Even architectures-in-the-narrow-sense don’t show overarching scaling laws at current scales, right? IIRC the separate curves for MLPs, LSTMs and transformers do not currently match up into one larger curve. See e.g. figure 7 here.
So a sudden capability jump due to a new architecture outperforming transformers the way transformers outperform MLPs at equal compute cost seems to be very much in the cards?
I intuitively agree that current scaling laws seem like they might be related in some way to a deep bound on how much you can do with a given amount of data and compute, since different architectures do show qualitatively similar behavior even if the y-axes don’t match up. But I see nothing to suggest that any current architectures are actually operating anywhere close to that bound.
Is it true that scaling laws are independent of architecture? I don’t know much about scaling laws but that seems surely wrong to me.
e.g. how does RNN scaling compare to transformer scaling
The relevant laws describe how perplexity determines compute and data needed to get it by a training run that tries to use as little compute as possible and is otherwise unconstrained on data. The claim is this differs surprisingly little across different architectures. This is different from what historical trends in algorithmic progress measure, since those results are mostly not unconstrained on data (which also needs to be from sufficiently similar distributions to compare architectures), and fail to get through the initial stretch of questionable scaling at low compute.

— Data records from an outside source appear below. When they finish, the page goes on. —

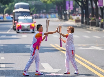 杭州亞運(yùn)會(huì)火炬?zhèn)鬟f到將滿80歲的董四教手中。作為11日火炬?zhèn)鬟f紹興站活動(dòng)的第71棒火炬手,她雙手涂著亞運(yùn)主題的彩色指甲,高舉“薪火”從人群中小跑而過(guò)。與董四教相似的是,一群平均年齡超過(guò)70歲的退休音樂愛好者,組成了一支老年“搖滾樂隊(duì)”。面對(duì)衰老和離散,他們創(chuàng)造了一種可能性,對(duì)抗身體和生活的失控,找到了縫合傷痛、抵抗歲月、怒放生命的方式。學(xué)會(huì)彈奏,他們只是唱歌;注入歲月,他們開始歌唱。
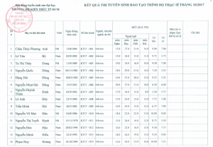 Kết quả tuyển sinh Thạc sĩ đợt tháng 10/2017
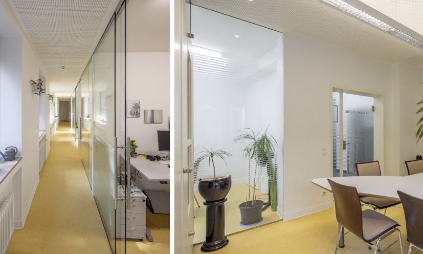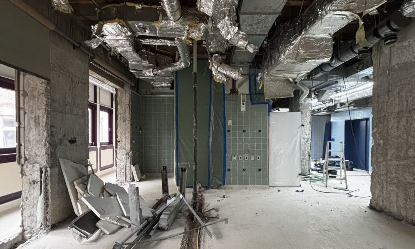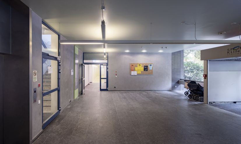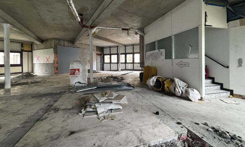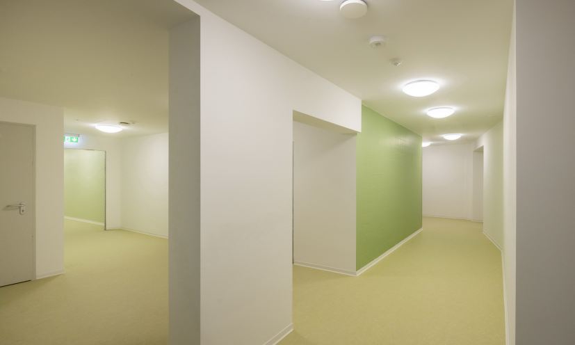 Baubegleitend wurde die Planung ausgearbeitet und die Vergabe für die weiteren Bauabschnitte im EG und 4.OG vorbereitet. Mit einfachen Umbaumaßnahmen wurden die bisherigen Behandlungszimmer in Büroräume umgenutzt. Deutlich aufwändiger war das vollständige Entkernen der ehemaligen Operationssääle und Röntgenräume mit Rück- bzw. Umbau der umfangreichen Technik, bevor hier neuer Wohnraum entstehen konnte. Teilweise erhielt die neue Nutzung eine zweite Fassade innerhalb der vorhandenen Gebäudestruktur. Es entstand eine Unterkunft mit Zimmern, Sanitärräumen und Küchen sowie eine Spielstube für Kinder, die optimal in den Bestand integriert wurde. Wo es möglich war, wurde der Bestand erhalten, beispielsweise erinnern geflieste Wände mit neuer Farbgebung noch an die frühere OP-Nutzung. Nach weiteren neun Monaten Bauzeit wurden alle Räume der Bauabschnitte zwei bis vier übergeben und belegt.

It’s still probably mostly selection effect, but see Mamba’s scaling laws (Figure 4 in the paper) where dependence of FLOPs on perplexity only ranges about 6x across GPT-3, LLaMA, Mamba, Hyena, and RWKV. Also, the graphs for different architectures don’t like intersecting, suggesting some “compute multiplier” property of how efficient an architecture is across a wide range of compute compared to another architecture. The question is if any of these compute multipliers significantly change at greater scale, once you clear the first 1e20 FLOPs or so.
Hence generation of higher quality data is a plausible way of disrupting the way scaling laws govern slow takeoff. What this data needs to provide is general cognitive competence that therefore applies to the physical world, but that competence doesn’t need to involve initial familiarity with the human world.

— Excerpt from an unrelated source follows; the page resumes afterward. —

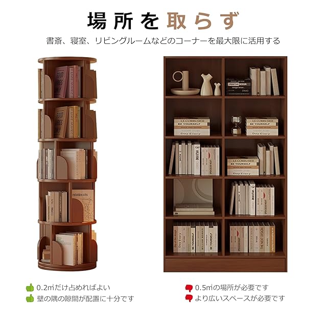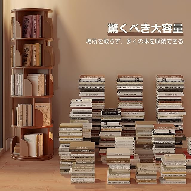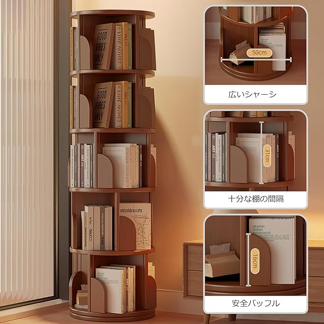 「安定性と耐久性」この回転式本棚は耐久性のあるMDF素材を使用し、しっかりとした安定感を提供します。頑丈な構造で、リビングやオフィスの回転式本棚として、重い本もしっかり支えます。

So it could be formal proofs on a reasonable distribution of topics, or a superscaled RL system in an environment that sufficiently elicits general reasoning. If the backbone of a dataset shapes representations towards competence, it might transfer to other areas. Thus we get an alien mind that mostly uses natural data as a tool to speak good English and anticipate popular opinion, not as the essential fabric of its own nature.

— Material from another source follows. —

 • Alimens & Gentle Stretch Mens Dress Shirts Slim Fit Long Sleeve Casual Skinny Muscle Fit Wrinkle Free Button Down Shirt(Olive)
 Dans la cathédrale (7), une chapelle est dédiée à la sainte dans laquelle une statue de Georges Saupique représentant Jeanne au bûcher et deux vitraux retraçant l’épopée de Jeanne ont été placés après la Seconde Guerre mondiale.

In the current not-knowing-what-we-are-doing regime, I’m guessing the safer AGIs are scaffolded natural data LLMs, or failing that model-based RL systems that develop in contact with the human world or data. Model-free RL that relies on a synthetic environment to generate enough data risks growing up more alien. Less clear with reasoning that originates in synthetic data for math, grounded in the physical world through natural data being a fraction of datasets for all models in the system (as a kind of multimodality). Such admixing of natural data might even be sufficient to make a model-free RL system less alien.